It took me more time to pre-plan our FP+ than the act of getting a legacy FP in the parks over the course of a full day ever took.
As I have said repeatedly - we did attractions by land. We'd pull a FP, do everything else in the land, then "go back". That was not a big time suck. It took less time than pre-planning FP+ did - for *us*.
TBH, that isn't really debatable - this is my personal experience I'm talking about. Your experience is different, I get it. but that doesn't mean my experience was the same as yours.
I respect that you are being honest about your experience, so please respect that I am being honest in describing mine.
Oddly we did much more criss-crossing the parks on the last trip than ever, due to the need to use the Kiosks to see whats available and book anything beyond the first 3.
We used to, as I said, just tour and pick up as we went along. Now sure this sometimes meant a backtrack here and there, or it might have meant a diversion to swing by a ride on the way to another (not really altering our path very much.) It resulted in things like walking from Splash to BTMRR to grab and FP then back to splash to ride ... then to BTRMM to ride with the FP. Or Popping over to space, Grabbing and FP then riding Buzz or Astro or People mover, then popping back to space, I will fully admit in Epcot it often involved heading to TT to grab an FP then over to Soarin to ride, but we would work our way back to TT riding along the way to use the FP. And Epcot was FAR better with FP- than it is with FP+ in our experience.
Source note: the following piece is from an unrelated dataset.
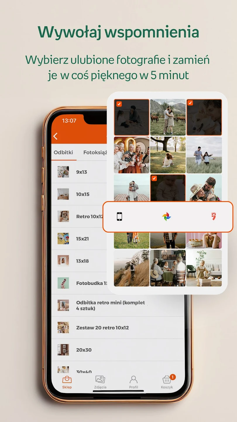 • Zamawianie odbitek online – wybierz zdjęcia z telefonu i zamów je w wybranym formacie.
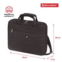 Компактная, легкая сумка в лаконичном дизайне, классического черного цвета. Специальное отделение для планшета и ноутбука с диагональю экрана до 14", три вместительных кармана для мелочей, регулируемый съемный плечевой ремень с резиновой накладкой.Сумка выполнена из современного, износостойкого и качественного материала — полиэстера, имеет утолщенные стенки по периметру, для лучшей защиты ноутбука от случайных ударов и царапин, а также от пыли и влаги.Сумка с верхней загрузкой («топ-лоадер»).Мягкое отделение для ноутбука снабжено лентой на липучке для фиксации устройства. Внутренний размер отделения для планшета и ноутбука (ВхШхГ) — 35х27х3,5 см.Два кармана быстрого доступа на передней и задней стенке и плюс карман на молнии помогут удобно разместить все необходимые аксессуары и документы.Подкладка выполнена из прочной ткани в светлых тонах что обеспечивает удобную эксплуатацию изделия.Используется прочная металлическая фурнитура. Двойная застежка «молния» для быстрого доступа к устройству.Регулируемый съемный плечевой ремень с резиновой накладкой обеспечивает удобную эксплуатацию.Ручки для транспортировки сумки в руках имеет надежное крепление.

Anyway, we found our group doing much more criss-crossing. Because we would get to the kiosk and take what was available. For one instance we were at Splash, headed to the kiosk in the tunnel at the entrance of Frontier land, picked up Big Thunder, Back to big thunder, back to the kiosk, FP for Space, Across to Space, Spaced, Kiosk near Stitch, then over to Peter Pan.
Now, we didn't -have- to do this, but Kiosks still require you to crisscross the parks, and in my experience (and most peoples from what I see here) have longer waits than FP- (sometimes significant waits) ... So beyond the 3, I really don't see the advantage in FP+ over FP- ...
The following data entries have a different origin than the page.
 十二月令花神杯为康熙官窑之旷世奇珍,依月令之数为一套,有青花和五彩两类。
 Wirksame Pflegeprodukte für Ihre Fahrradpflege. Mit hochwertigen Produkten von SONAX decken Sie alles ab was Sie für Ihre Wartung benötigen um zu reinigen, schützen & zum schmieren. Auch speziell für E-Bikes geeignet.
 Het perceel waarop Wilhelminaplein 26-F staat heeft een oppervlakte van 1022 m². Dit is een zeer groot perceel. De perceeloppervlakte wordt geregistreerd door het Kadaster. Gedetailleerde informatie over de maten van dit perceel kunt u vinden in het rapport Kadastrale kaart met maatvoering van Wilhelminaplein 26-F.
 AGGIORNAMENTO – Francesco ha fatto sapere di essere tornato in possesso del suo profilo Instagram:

This then really brings the debate down to whether having 3 pre-booked (and the planning/scheduling and potentially feeling like you are scheduled that this involves), subject to tiers and availability, potentially needing to rework all this as you go if your plans/itinerary changes, and longer SB wait times for a significant portion of the attractions --- is better for you than ---- having a true clean slate each day, with equal access to all the FPs, lower SB wait times for a significant number of attractions, without having to do as much preplanning/scheduling or worrying about availability if your plans change.
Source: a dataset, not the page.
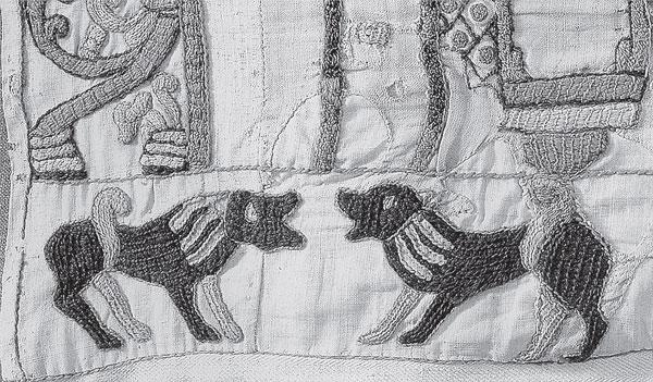 В каймах ковра из Байе присутствует несколько изображений львов. Обычные львы, с большой гривой и хвостом. Больше всего львов имеется на листах 1–2, см. рис. 1.1. А именно, здесь мы видим двух львов вверху, см. рис. 1.29, и четырех внизу, рис. 1.30 см. и рис. 1.31. Таким образом, всего здесь показано шесть львов. Такое большое скопление львов – единственное на всем ковре.

This will impact different people different ways, depending on style and what you enjoy.
For us, the advantage to FP+ was on arrival day. Because we had stuff booked that afternoon/evening. That was nice, not that we wouldn't have been able to pull FPs under FP-, but with such a short period in the park and on our first day, it was good to know we could have it all set up ... beyond that, FP+ lost all its advantages for us. They just don't work for us, they are offset be the negative impacts it had on our trip.